Whereas the normality assumption is only for the DV, the homogeneity of variance assumption is looking at the DV split by the IV.
We can test this assumption in three ways:
- Visualize the distribution of the DV across the groups of the IV
- Examine the variance values
- Levene’s test
We are going to learn about three different methods of checking homogeneity of variances. For your homework assignments, you should always use all three methods to check homogeneity of variances.
Note that sometimes the three tests do not always agree with one another. For example, everything might look good but the visual distribution does not look like they have equal variances or the Levene’s test might be statistically significant. In those cases, it is up to you as the researcher to make a judgment. Reasonable people do different things, but as long as you can back up your judgment then you’ll be fine.
Visualize the distribution of the DV across groups of the IV
First, we can look at the data points across groups. This can be done by choosing a plot in the Descriptives analysis and adding your IV to the “Split By” box. Then select Box Plot, Violin, Data (Jittered) under Plots.
For example, here’s an example of data that violates the assumption of homogeneity of variance (gender by mile time) because the variance in scores for females (coded as 1) is a lot wider than the variance in scores for males (0). I am looking at the data points and violin plot to see the spread; the 1 looks wider where as the 0 looks skinnier.

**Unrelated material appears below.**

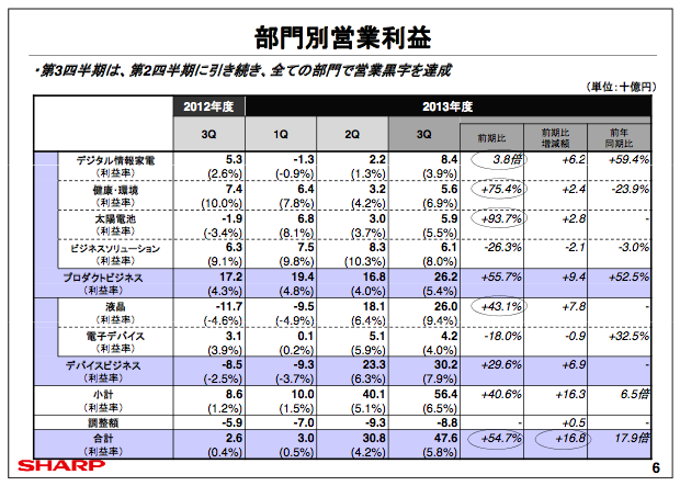 シャープ、'13年度1Q決算発表 − 液晶テレビ/IGZOスマホが売上伸長

Examine the variances across groups
Similarly, in the Exploration –> Descriptives under Statistics you can ask for Variance after splitting the DV by the IV. The variance for Gender == 0 (male) is 6796.20 whereas the variance for Gender == 1 (female) is 15401.55. Females have 2.26 times greater variance compared to males. Clearly, there is much greater variability for females than males for time it takes to run the mile.
Levene’s test
When we perform inferential statistics that have the assumption of homogeneity of variance, in jamovi there will be a check box to check the assumption. It will perform Levene’s test.
However, you may be testing the assumption prior to running your analysis (or learning about inferential statistics just yet). In that case, to perform Levene’s test, go to Analyses then ANOVA then One-way ANOVA. Move your continuous variable to the Dependent Variables box and move your nominal variable to the Grouping Variable box. Check the box “homogeneity test.” Only report the results of Levene’s test; ignore the one-way ANOVA results!
Here’s the result of Levene’s test for the effect of gender on mile duration:
Levene’s | F | df1 | df2 | p |
---|---|---|---|---|
MileMinDur | 41.33 | 1 | 381 | <.001 |
Like the other tests above, a non-significant Levene’s test means we meet the assumption of homogeneity of variance. However, if Levene’s test is statistically significant, then we fail to meet the assumption of homogeneity of variance and have heterogeneity of variance. In this case, our test is statistically significant so, in combination with our plot above, we say we violated this assumption.
Just like the z-score and Shapiro-Wilk’s test, for Levene’s test we actually want non-statistically significant results here! That’s because the null is that there is homogeneity of variance, and we want our data to be homogeneous. So if our p > .05, we fail to reject the null hypothesis, and that suggests the data is homogeneous.
Recapping parametric assumptions
Let’s summarize the four assumptions and generally how to test for them:
- Interval or ratio (i.e., continuous) dependent variable
- Know your levels of measurement and make sure the dependent variable is continuous.
- Independent scores on the dependent variable
- Know your research design and how the data was collected. Make sure that one participant’s data isn’t thought to affect another participant’s data.
- Normal distribution of the dependent variable
Visualize the distribution with a histogram and/or density plot of the dependent variable
Test the skew and kurtosis by calculating the z-scores
Test using the Shapiro-Wilk test
Examine the Q-Q plot for deviations from the diagonal line
- Homogeneity of variances
- Visualize the distribution by a boxplot, violin plot, and/or data (jittered recommended) with the dependent variable split by the independent variable
- Examine the variances of the dependent variable split by the independent variable
- Test using Levene’s test